Several wanted to know the practicalities of how a wannabe writer goes from scribbling on pages to getting them published. You keep at it. Beginnings can be humble. The other day I walked past the decrepit brick building behind a garage where, up on the second floor, I saw the dirty windows of the editorial office/kitchen of the magazine that first published me. I don't think the magazine went past two issues. I've just googled the name of the itchy young man who was the editor and can find no internet trace of him. Mind you, that was years ago. Years for him, years for me too. With years between publications. That's how you get published. You keep doing it despite the years.

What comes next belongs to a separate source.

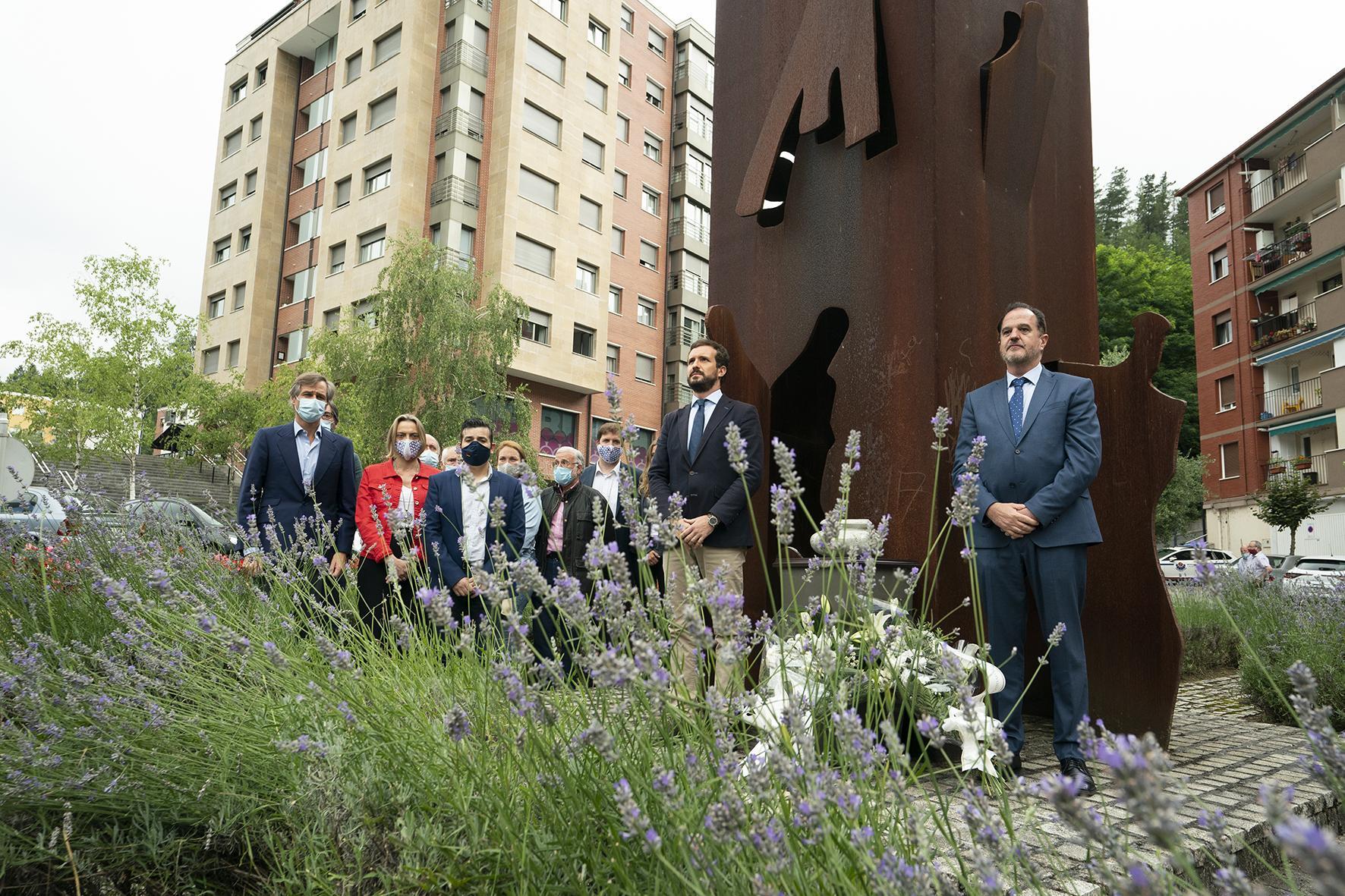 Pablo Casado y Carlos Iturgaiz participan en una ofrenda floral en recuerdo de Miguel Ángel Blanco

This morning, in my reading, I came across this: "...the most worn-out clichés traverse time for generations, all the while the most beautiful poems fade to oblivion." (from La petite et le vieux by Marie-Renee Lavoie) Maybe that's what it means to be a writer: you persist in trying to beat the cliches and the silence, even when you know they're destined for oblivion.

Thank you to the wonderful people in Stratford who invited me; Jennifer Gillies at gritLit; Dundurn Press; the Quebec Writers' Federation for their unflagging support of getting Quebec writers out into the world; and R who ferried me about in a rented car so that I could bring as many pairs of shoes as I wanted.